Recently, we showed a significant effect on both peripheral and central hearing functions in older T2DM subjects by using a comprehensive test battery (Frisina et al. 2006
). Peripheral hearing function was assayed by pure tones, otoacoustic emissions (transient and distortion product), and speech thresholds, revealing more significant losses in the T2DM group compared to age-matched controls. For the first time, effects of T2DM on hearing tests involving central auditory processing in aged human subjects were evaluated by measuring hearing in-noise (HINT) and suprathreshold gap detection thresholds. As for the inner ear findings, the T2DM group showed significantly worse performance on these tests compared to age matched non-diabetic controls, suggesting that the CNS is susceptible to the damaging effects of the diabetes conditions.

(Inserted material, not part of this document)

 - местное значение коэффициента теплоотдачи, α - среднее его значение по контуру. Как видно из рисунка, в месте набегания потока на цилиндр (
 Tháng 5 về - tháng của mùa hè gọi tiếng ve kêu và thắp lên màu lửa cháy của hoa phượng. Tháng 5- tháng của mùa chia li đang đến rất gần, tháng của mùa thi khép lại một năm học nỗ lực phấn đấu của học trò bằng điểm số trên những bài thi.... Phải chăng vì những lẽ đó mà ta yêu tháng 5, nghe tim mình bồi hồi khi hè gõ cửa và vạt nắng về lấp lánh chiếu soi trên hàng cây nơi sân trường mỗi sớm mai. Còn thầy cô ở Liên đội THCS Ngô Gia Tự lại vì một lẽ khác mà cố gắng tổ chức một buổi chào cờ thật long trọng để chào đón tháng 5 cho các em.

There are several animal models of diabetes: animals that develop diabetes by specific experimental procedures and animals that develop diabetes spontaneously, owing to a genetic predisposition (Mordes et al. 1981; Shafrir 1997
.). Streptozotocin (STZ) induced diabetes is a T1DM model and is widely used for longer (6 months) duration studies of diabetes. For example, this T1DM model has been used to evaluate alteration of auditory function with ABRs. Threshold elevations and first-peak latency prolongation appeared in rodents (Biessels et al., 2001
; Manschot et al. 2003
; Biessels et al. 2005
). Also, significant prolongation of auditory evoked potentials was reported for STZ-treated rats by 3 months of diabetes duration, suggesting changes in central auditory regions (Biessels et al. 1999
). In genetically predisposed young adult rats (T2DM, 13 months of age) evaluation of auditory function showed elevation of ABR thresholds (Ishikawa et al. 1995
) as compared to non-susceptible strains. A main limitation of these previous studies that attempted to identify the effect of diabetes on hearing function was that hearing ability of the rodent strains were not well characterized initially, making it difficult to identify effects of hearing impairment, diabetes, and chemical side effects (those induced by streptozotocin, alloxan).

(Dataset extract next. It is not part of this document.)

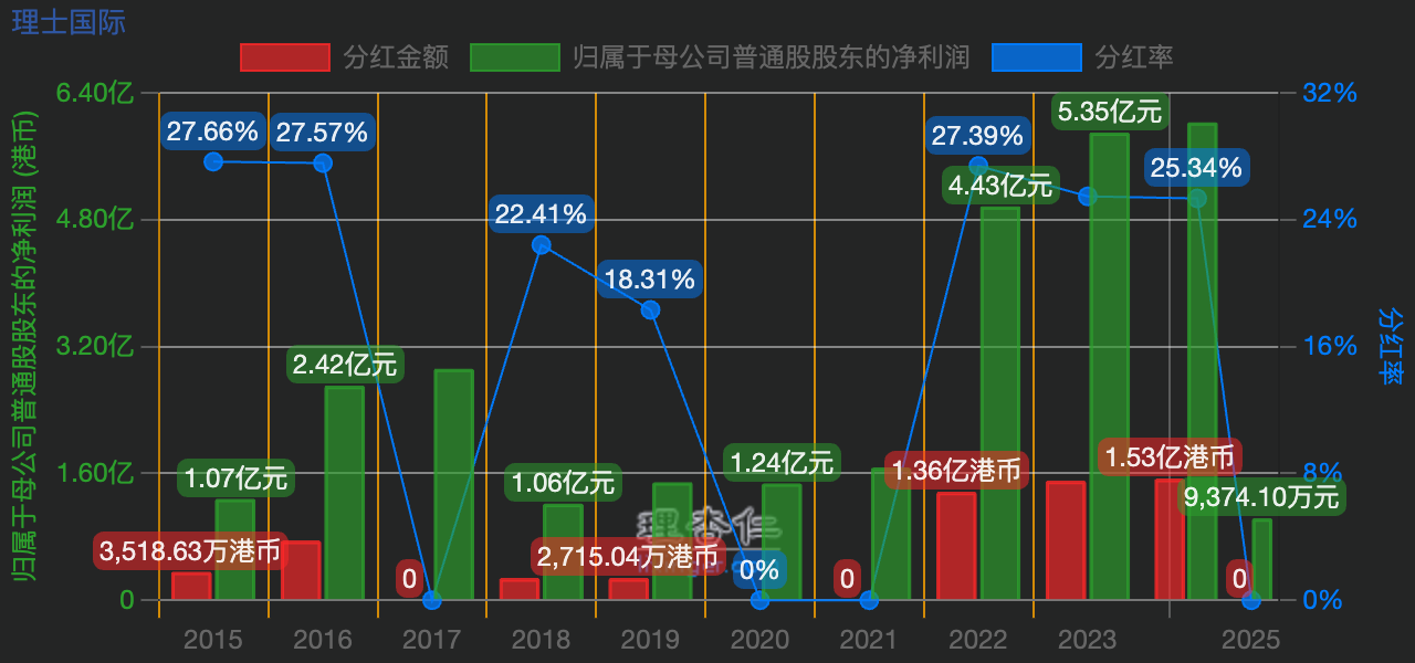 过去 10 年里理士国际有3年没有分红,其它 7 年分红率保持在18%-27% 之间。在2015-10-30以每股0.60港币的成本价购买,截至2025-10-29,共收到分红0.44港币,分红收回的成本比为73.50%。
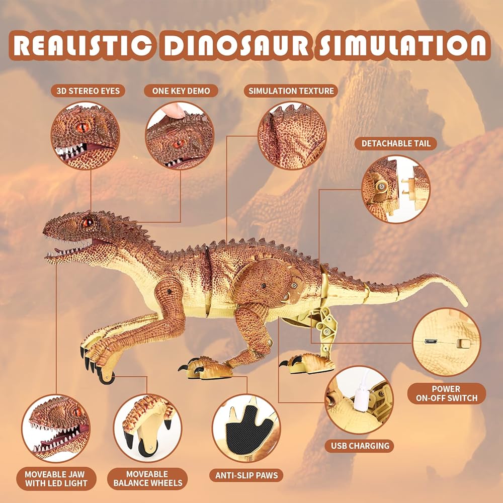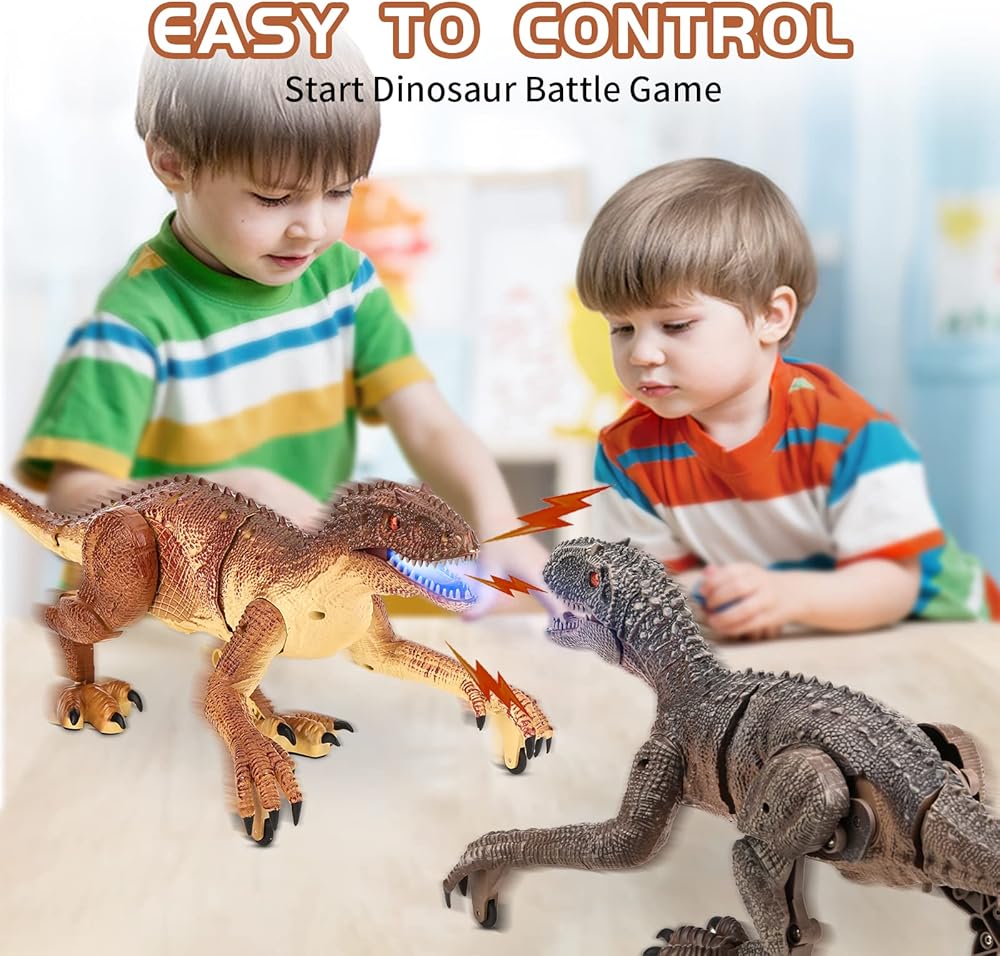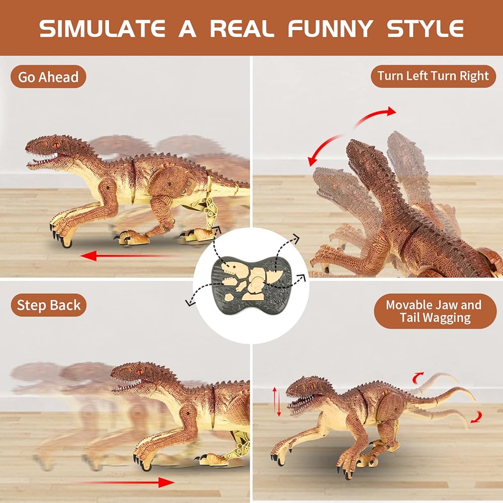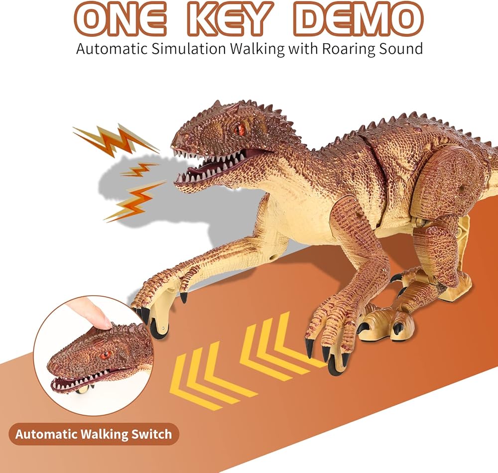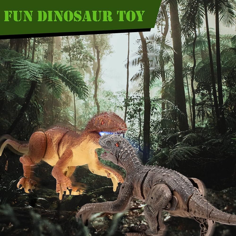 لعبة ديناصور للتحكم عن بعد من TQQFUN، لعبة دينو كبيرة الحجم، ألعاب ديناصور المشي الكهربائية للأطفال، روبوت فيلوسيرابتور واقعي بتردد 2.4 جيجا هرتز مع صوت هدير وإضاءة للأطفال (بني)

The necessity of utilizing an appropriate mouse model for studying effects of diabetes (prevalent in older populations) on age related hearing loss is obvious from scientific and clinical perspectives. The most commonly used animal model of T1DM, STZ injection, may interfere with metabolism of inner ear hair cells as well as with auditory neurons in the brain. Another, important aspect of evaluating mouse models of diabetes is selection of an appropriate mouse strain to avoid genetic effects on presbycusis. For example, C57Bl/6 and DBA strains of mice have the ahl allele, inducing a rapid, high-frequency hearing loss (Willott and Carlson 1995
; Willott et al. 2001
), making them unsuitable for studies in middle age and old animals of the interaction of diabetes and presbycusis. Much evidence suggests that the CBA/CaJ serves as an excellent model for many cases of human presbycusis since it shows hearing loss that progresses on a time frame similar to human’s, when one corrects for the different absolute lifespans of mice and men. The age related hearing loss of the CBA/CaJ strain most likely corresponds to the sensory-neural type of human presbycusis (high-tone frequency loss with changes in central auditory regions) (e.g., Spongr et al. 1998; Frisina et al. 1998
; Parham et al. 1999
; Willott 2001
; Jacobson et al. 2003
The aim of the present investigation was to induce two types of diabetes in middle age CBA/CaJ mice and evaluate effects on age-related hearing loss using different hearing tests. The effect of a long duration (6 months) metabolic stress on the progression and time course of age-related hearing loss - presbycusis, was characterized by hearing assessments for both peripheral (cochlea) and central (inferior colliculus - IC) portions of the auditory pathway. Age-matched non-diabetic control mice were utilized for comparison with hyperglycemic T1DM mice (STZ induced) and for T2DM (high fat diet) to maximize effects for future studies of possible anatomical, genetic and neurochemical mechanisms of diabetes on hearing ability with age.